Algo que más odio del cambio es
que la gente cambia a peor. Y esto es así. Si cambia a mejor, yo lo llamo
maduración, y es parte de la evolución de una persona. Pero el cambio es
diferente. La maduración llega con los daños que sufre una persona. Al cambio
no sé cómo llega. Quizás necesito sufrirlo para saberlo. Ya escribiré si esto
sucede, aunque lo peor de todo es que igual es demasiado tarde y me pasa como
al resto. Que no me doy cuenta de que he cambiado.
No puedo entender que una persona
no reconozca que ha cambiado sus principios. Esto me hace replantearme que no
eran nada sólidos. Que era débil, inestable. Que está perdido, y perderse no es una justificación, ya hablaremos de ello más adelante.
Sigo diciendo que no sé de dónde
viene el cambio pero sí espero que sea involuntario. Que no os deforméis por
voluntad propia, porque eso sí ya sería lamentable.
No puedo prometer que no voy a
cambiar, sólo espero no hacerlo. Heráclito dijo algo así: con el paso del
tiempo, lo único que no cambia es que todo cambia.
Así que por favor, las
experiencias traumáticas, los giros que dé vuestra vida, siempre van a ser una
constante. No caigáis en su delirio. Luchad por vuestros principios, luchad por
vosotros mismos y estaréis luchando por quienes os aprecian.
¿No os habéis fijado que siempre
que alguien rompe con su pareja alguien le dice: “te mereces algo mejor” o “un
clavo saca otro clavo”? Hemos nacido para ser sustituidos.
Tan triste como cierto. Somos
personas dependientes, no de otras personas (ahí el error) sino de lo que estas
nos aportan. Cuando una ya no puede ofrecernos algo vamos corriendo a buscarlo
en otra, y así sucesivamente.
Creemos no poder vivir sin una
persona, pero tarde o temprano esa persona desaparece y ¿qué hacemos? Recurrir
a otras para saciar ese vacío interior que sentimos. Algunos lo hacen al día
siguiente, otros pasan una temporada solos, doliendo en silencio, pero finalmente,
y a lo mejor involuntariamente, también se apoyan en otros.
No digo que esté mal, pero es
triste. Es triste que lo que piensas que sólo una persona puede aportarte en
realidad te lo puede aportar otra. Buscamos no sentirnos solos, la soledad nos
da miedo, a veces encontramos sustitutos más perjudiciales pero nos sentimos a
salvo. A salvo del tormento de la ausencia.
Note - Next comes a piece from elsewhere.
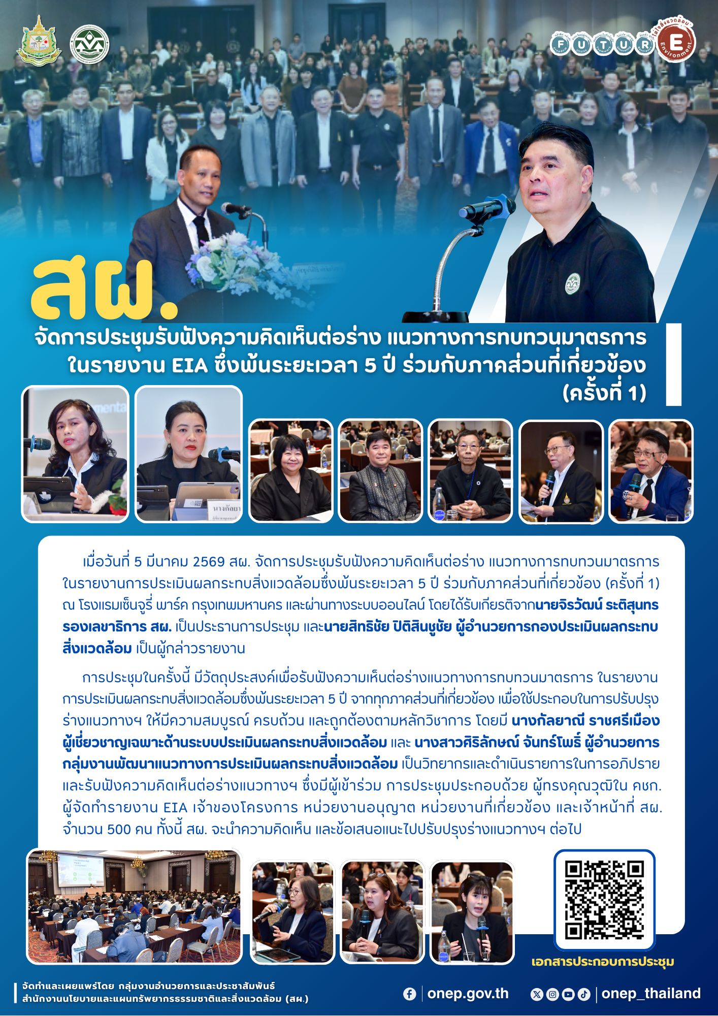 สผ. จัดการประชุมรับฟังความคิดเห็นต่อ (ร่าง) แนวทางการทบทวนมาตรการในรายงาน EIA ซึ่งพ้นระยะเวลา 5 ปี ร่วมกับภาคส่วนที่เกี่ยวข้อง (ครั้งที่ 1)
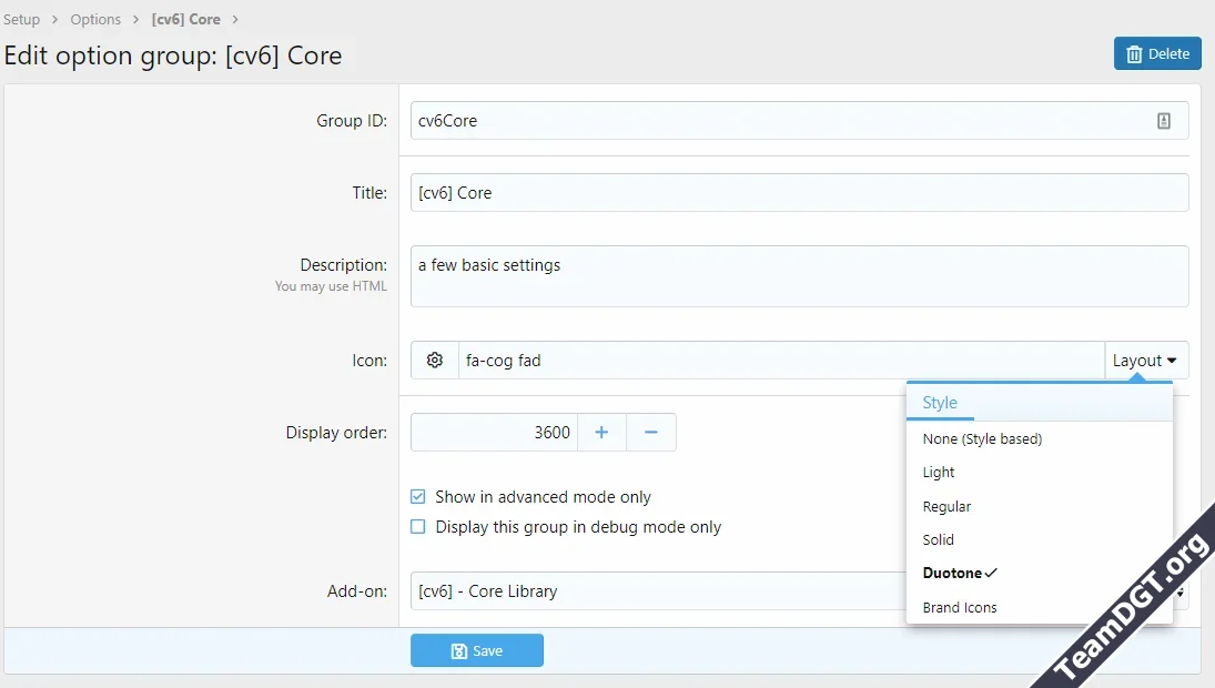 Mostly this is related to Font Awesome handling. See Edit Option Group as Demo.

No es que sea malo sustituir a
alguien, es inevitable, pero es triste. Luego algo te pasará con el sustituto y
encontrarás al sustituto del sustituto. ¿No estaremos en realidad huyendo del
dolor? ¿No hay acaso que sentirse mal de vez en cuando para aprender?
No digo que te evadas del mundo,
que no confíes en nadie, simplemente valora. Valora a la persona que se quedó
tantas horas dándote conversación porque tú estabas mal, porque habías
discutido con tu novio. Valora a aquel que queda contigo cualquier día a
cualquier hora, para no hacer nada en concreto. Valora a esa persona que
siempre que le mandas un mensaje contesta al momento. Valora todo eso porque
igual mañana pierdes a esa persona y empiezas a correr hacia otra porque no
puedes sostenerte tú solo. Luego ya aprenderás que no es tan difícil hacer
equilibrio. Y quizás algún día aprenderás a ayudar a otros a sostenerse.